A Cooking Egg

En l'an trentiesme de mon aage
Que toutes mes hontes j'ay beues…
Pipit sate upright in her chair
Some distance from where I was sitting;
Views of the Oxford Colleges
Lay on the table, with the knitting.
Daguerreotypes and silhouettes,
Her grandfather and great great aunts,
Supported on the mantelpiece
An Invitation to the Dance.. . . . . .
I shall not want Honour in Heaven
For I shall meet Sir Philip Sidney
And have talk with Coriolanus
And other heroes of that kidney.

I shall not want Capital in Heaven
For I shall meet Sir Alfred Mond:
We two shall lie together, lapt
In a five per cent Exchequer Bond.

I shall not want Society in Heaven,
Lucretia Borgia shall be my Bride;
Her anecdotes will be more amusing
Than Pipit's experience could provide.

I shall not want Pipit in Heaven:
Madame Blavatsky will instruct me
In the Seven Sacred Trances;
Piccarda de Donati will conduct me…

But where is the penny world I bought
To eat with Pipit behind the screen?
The red-eyed scavengers are creeping
From Kentish Town and Golder's Green;

Where are the eagles and the trumpets?

Buried beneath some snow-deep Alps.
Over buttered scones and crumpets
Weeping, weeping multitudes
Droop in a hundred A.B.C.'s*
Thomas Stearns Eliot
Thomas Stearns Eliot

T.S. Eliot (born September 26, 1888, St.

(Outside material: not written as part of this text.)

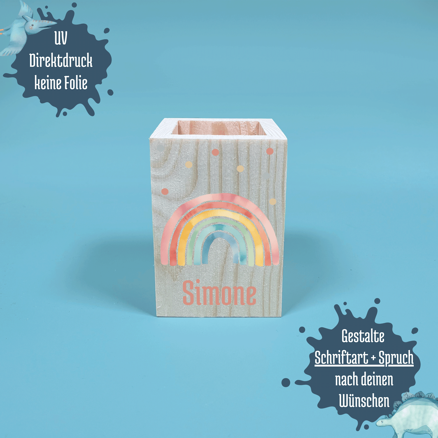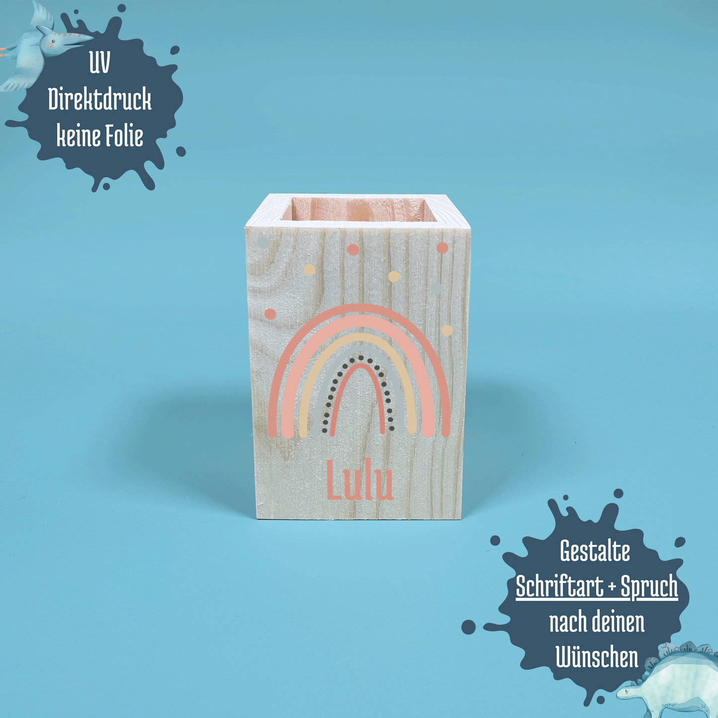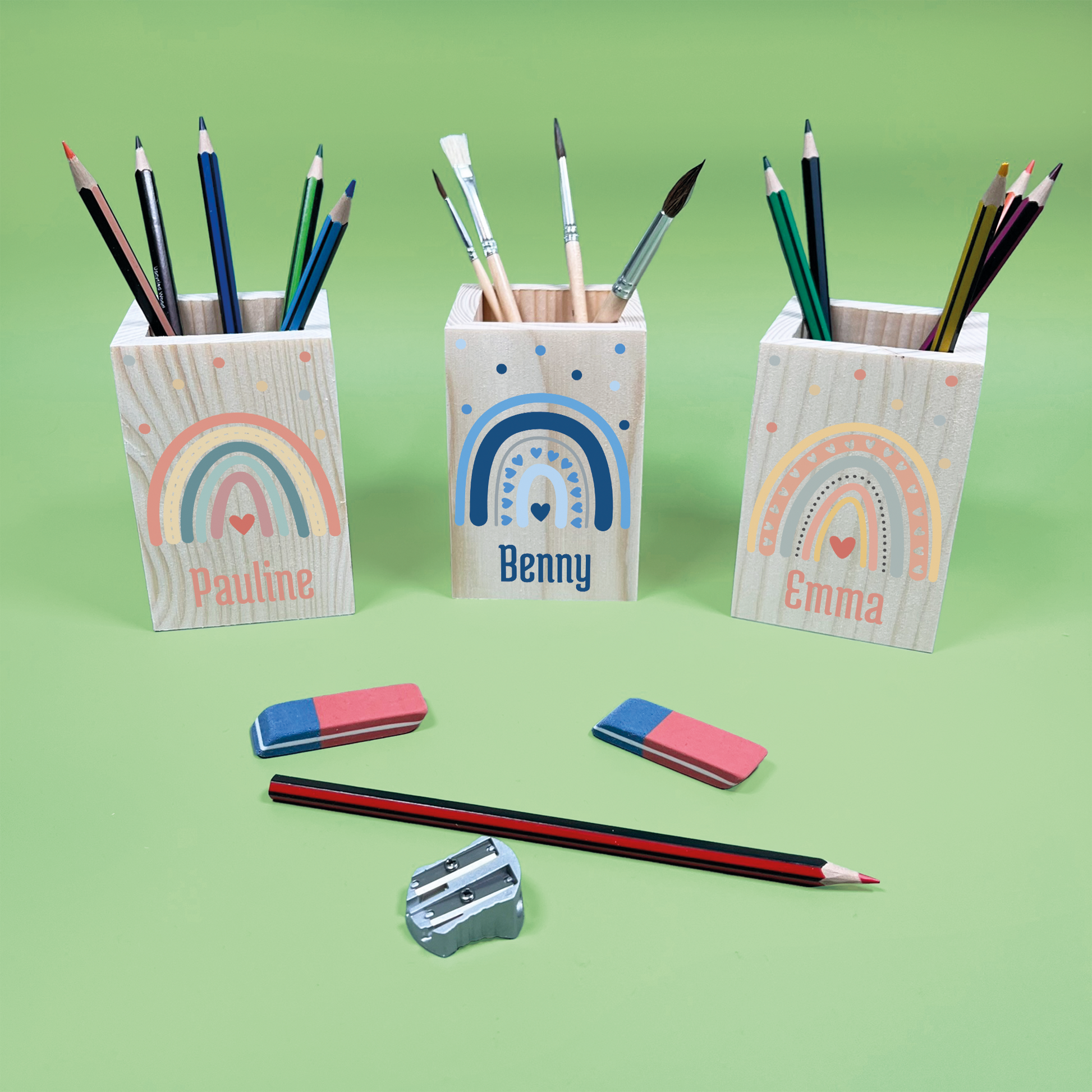 Der Stiftehalter wird aus stabilem Holz gefertigt und hält dem turbulenten Alltag am Kinderschreibtisch mühelos stand.
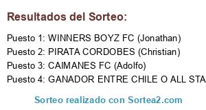 Lista de participantes: PIRATA CORDOBES (Christian), WINNERS BOYZ FC (Jonathan), CAIMANES FC (Adolfo), GANADOR ENTRE CHILE O ALL STARS.

Louis, Missouri, U.S.—died January 4, 1965, London, England) American-English poet, playwright, literary critic, and editor, a leader of the Modernist movement in poetry in such works as The Waste Land (1922) and Four Quartets (1943). Eliot exercised a strong influence on Anglo-American culture from the 1920s until late in the century. His experiments in diction, style, and versification revitalized English poetry, and in a series of critical essays he shattered old orthodoxies and erected new ones. The publication of Four Quartets led to his recognition as the greatest living English poet and man of letters, and in 1948 he was awarded both the Order of Merit and the Nobel Prize for Literature. Eliot advocates a traditionalism in religion, society, and literature that seems at odds with his pioneer activity as a poet. But although the Eliot of Notes towards the Definition of Culture (1948) is an older man than the poet of The Waste Land, it should not be forgotten that for Eliot tradition is a living organism comprising past and present in constant mutual interaction.